The Center of Political and Foreign Affairs (abb: CPFA) is a think tank focused on government policies and geopolitics, organizes events and discussions on various geopolitical topics around the world

CPFA has organized numerous events under Chatham House rules and has hosted over a hundred personalities such as: Zbigniew Bzrezinski, Kofi Annan, Henry Kissinger, Al Gore, Abdullah Gul, Jose Maria Aznar , Sebastián Piñera, Romano Prodi, Brent Scowcroft, Richard Holbrooke, Shimon Peres, Mohammed ElBaradei, Louis Freeh, Turki Al Faisal since 2007. CPFA has also initiated with the collaboration of Randa Kassis the President of the Astana Platform for peace talks in Syria as well as many other confidential talks on the topics on Syria and Libya.

Initiatives

Peace in Syria Initiative 
In 2015 CPFA appealed to the President of Kazakhstan, Nursultan Nazarbayev to launch a peaceful solution to the Syrian crisis and launched a political platform that could assemble moderate Syrian opponents.

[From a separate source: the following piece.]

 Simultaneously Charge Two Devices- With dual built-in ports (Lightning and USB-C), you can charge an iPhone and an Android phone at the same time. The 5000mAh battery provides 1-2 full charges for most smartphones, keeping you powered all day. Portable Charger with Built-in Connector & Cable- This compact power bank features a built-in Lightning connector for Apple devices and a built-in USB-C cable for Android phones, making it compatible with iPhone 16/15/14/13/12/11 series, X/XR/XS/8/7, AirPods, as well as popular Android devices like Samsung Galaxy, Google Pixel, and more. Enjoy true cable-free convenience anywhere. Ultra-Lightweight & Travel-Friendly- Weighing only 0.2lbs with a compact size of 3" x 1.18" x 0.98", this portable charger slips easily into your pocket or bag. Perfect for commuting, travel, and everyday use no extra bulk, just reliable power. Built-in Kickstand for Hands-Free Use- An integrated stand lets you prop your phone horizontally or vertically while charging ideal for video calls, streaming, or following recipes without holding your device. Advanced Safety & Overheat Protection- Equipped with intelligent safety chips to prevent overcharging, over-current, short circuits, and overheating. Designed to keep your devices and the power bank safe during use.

The first round of negotiations in Astana was held from 25 to 27 May and chaired by the Kazakh Foreign Minister Erlan Idrissov. The second round of negotiations in Astana from 2 to 4 October 2015 headed by the Secretary of State of Kazakhstan Gulshara Abdykalikova and mediated by Fabien Baussart and the Kazakh Deputy Foreign Minister Askar Mussinov. The meetings resulted in two resolutions being signed by the participants, which created the Astana Platform and helped pave the way for the Astana process with an agreement between Iran, Russia, and Turkey.

In February and July 2017, the CPFA initiated discussions in Geneva with Randa Kassis to develop a preparatory document to reform the Syrian Constitution. This initiative was promoted during the Syrian National Dialogue Congress in Sochi in January 2018 by Randa Kassis despite objections from the Syrian government and part of the opposition.

Peace talks – Kazakhstan 
In 2015, CPFA launched a "Committee of Wise" that would address various issues related to international peace.

The committee gathered several prominent political figures and Nobel Peace Prize laureates, including former Israeli President Shimon Peres, former Vice President of Egypt and the general-director of the International Atomic Energy Agency Mohamed ElBaradei, former President of Poland Lech Walesa, Guatemalan human rights activist Rigoberta Menchu and the Chairman of the IPCC Rajendra Pachauri, former President of Colombia Cesar Gaviria and former Spanish Prime Minister Jose Luis Zapatero. The Committee met in Nur Sultan, Kazakhstan, where they were received by the President Nazarbayev in the Presidential Palace.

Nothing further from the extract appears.